Mourinho regresa al Madrid

El entrenador portugués vuelve a la Liga después de 13 años y su gente cercana ha encontrado a un entrenador algo diferente al que fue el líder del conjunto blanco hace más de una década. En su primera etapa, el equipo vivió unos años ultracompetitivos ante el Barça de Guardiola, con guerras de guerrillas en el campo y fuera de él, y una tensión constante que terminó provocando su adiós. Ahora, el portugués vuelve con un vestuario al que todo el mundo mira con lupa, y admite que "veremos cuando lleguen los malos momentos, que llegarán". En una rueda de prensa, Mourinho contestó a preguntas y mostró talante, reflexión, pausa y ganas de hablar de todo. Muchos esperaban una versión similar a la de esos años, pero los que comparten día a día con él insisten en que ha cambiado: "Elige muy bien sus batallas". Y eso no significa que no las tenga. El 'nuevo' Mourinho que ha aparecido estos días por la ciudad deportiva está, insiste, "muy tranquilo". Menos interesado en la guerra permanente y obsesionado con devolver al Madrid la confianza que han mostrado en él. Mourinho ha vivido situaciones límite en sus últimos años, pero parece haber bajado revoluciones.
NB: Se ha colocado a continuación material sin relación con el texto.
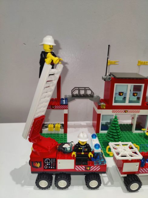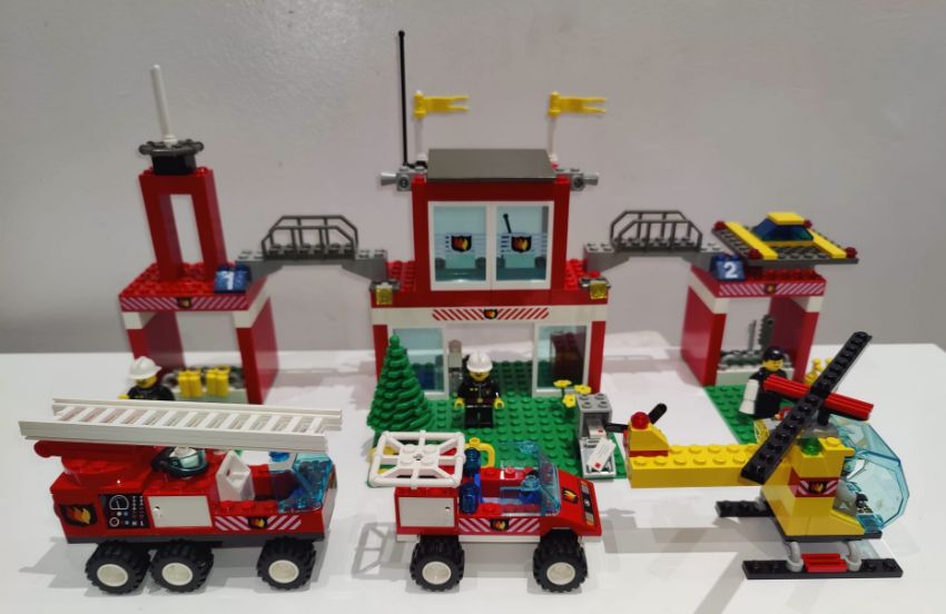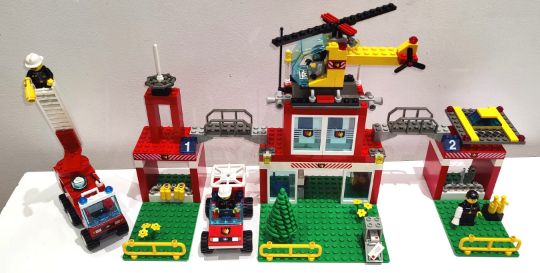 1 x Vintage LEGO Fire Station Set Features Fire Engine, Fire Car, Helicoptor and Mini Figures - Includes Original Instructions - Very Good Condition - CL010 - NO VAT ON THE HAMMER - Ref: JRSP290 - Location: Altrincham WA14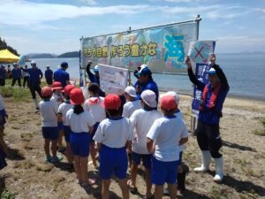 令和7年6月25日、笠岡市内小学校の生徒さんをお招きし、黒メバルの稚魚5000匹を放流しました。また、笠岡の海についての説明やおさかなクイズもあり、生徒さんに環境保護について学んで頂くことができました。

En Valdebebas, todos esperan el momento en el que salga a defender al club cuando sea necesario, pero no se desgastará como en su primera etapa. Su relación con el presidente le otorga una posición de autoridad y hay una confianza construida que le permite sentirse respaldado desde el primer día. El Madrid recupera así a Mourinho, pero no exactamente al Mourinho del que se separó en 2013. Tiene más kilómetros en los banquillos y una colección mayor de victorias, derrotas y cicatrices. Ya no parece necesitar demostrar permanentemente quién manda porque el vestuario sabe de sobra de dónde reside la autoridad de Valdebebas ahora mismo: "El compromiso es innegociable", advirtió. Un nuevo Madrid, un nuevo Mourinho.